When American academic Fred R. van Hartesveldt published a historiography and annotated bibliography of the Somme in 1996, he marked Middlebrook more highly for research than previous 'critical surveys' such as the novelist John Harris's own The Somme: Death of a Generation.(13)

Van Hartesveldt also praises Middlebrook's grasp of the strategic and tactical realities of the day. Asked 'How much of the slaughter [on the Somme] resulted from the callousness of the high command in despatching troops into futile battles?' Middlebrook, who freely confesses to the advantages of hindsight, replied 'It wasn't as simple as that. It just happened.' It was something 'completely unexpected', and to break through the German lines and end the war 'beyond anybody's capability'. The standard method was for the attacking infantry, under cover of shell fire, 'to get as close to the enemy trenches as possible and rush in'. This wasn't 'callousness', so much as 'an inbred belief that's how it should be and that's how he [Sir Douglas Haig, Commander in Chief of the British Expeditionary Force on the Western Front] was jolly well going to do it'.(14)

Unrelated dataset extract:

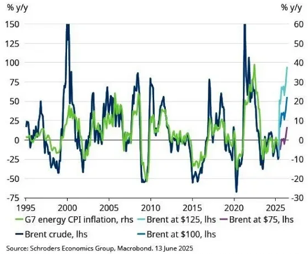 Sinds de Israëlische aanval op Iran op 13 juni is de Brent-olieprijs met 10% gestegen. Als de prijs op dit niveau blijft, betekent dit dat de energie-inflatie in de G7-landen in het komende jaar iets boven de 5% zal liggen (zie grafiek hieronder). Dit zal waarschijnlijk geen brede inflatiedruk veroorzaken.

A British bibliographer, Gerald Gliddon, remarks of The First Day on the Somme that while it was 'acclaimed as a masterly account' it was 'often criticized for concentrating on one day'.(15) Middlebrook, however, returned to this approach with The Kaiser's Battle (16), his account of the opening day of the March 1918 German counter-offensive, for which he also repeated his technique of interviewing British and German veterans while it was still possible to do so. The Allied riposte ended in a hurricane of victories that saw the total defeat and surrender of Germany, but the 1918 campaign has yet to resonate with the British to the same extent as that of 1916. Still, Middlebrook's interviews and book on the conclusive 1918 campaign are there on the shelf to be reached for as that centenary year dawns.

 

Notes

1. E.g. William Philpott, ' A classic of military history', in Bloody Victory: The Sacrifice on the Somme and the Making of the Twentieth Century (London, 2009), p. 697.

2. Gary Sheffield, The Somme (London, 2003), pp. xii–xiii.

3. Sheffield's other 'foundation stone' is Robin Prior & Trevor Wilson, Command on the Western Front (Oxford, 1992).

4. Sheffield, The Somme, p. xiii.

5. In conversation with the writer.

6. Sheffield, The Somme, ‘Foreword’, p. x.

7. Gary Sheffield, Forgotten Victory - The First World War: Myths and Realities (London, 2001).

8. John Keegan, The Face of Battle: A Study of Agincourt, Waterloo and the Somme (London, 1976), pp. 255–8.

9. IWM Documents 26137. The men were 'interviewed' in the sense of being invited to fill in and return a standard questionnaire which had space for additional comment. Where necessary, respondents were then spoken to in person. The Felix Fund charity for bomb-disposal personnel and their families lodged a substantial part of Middlebrook's archive for The First Day on the Somme and his subsequent The Kaiser's Battle with the Imperial War Museum in 2016.

10. William Siborne, The Waterloo Campaign 1815 (London, 1904).

11. The French line straddled the Somme river; the British named the battle for their section of the front after the departement of the Somme.

12. In conversation with the writer.

13. Fred R. van Hartesveldt, The Battles of the Somme, 1916: Historiography and Annotated Bibliography (Westport, CT, 1996); John Harris, The Somme: Death of a Generation (London, 1966).

14. http://ottawacitizen.com/news/local-news/qa-martin-middlebrook [accessed 5 October 2016].

15. Gerald Gliddon, The Battle of the Somme: A Topographical History (Stroud, 1996).

Martin Middlebrook, The Kaiser’s Battle (London, 1978).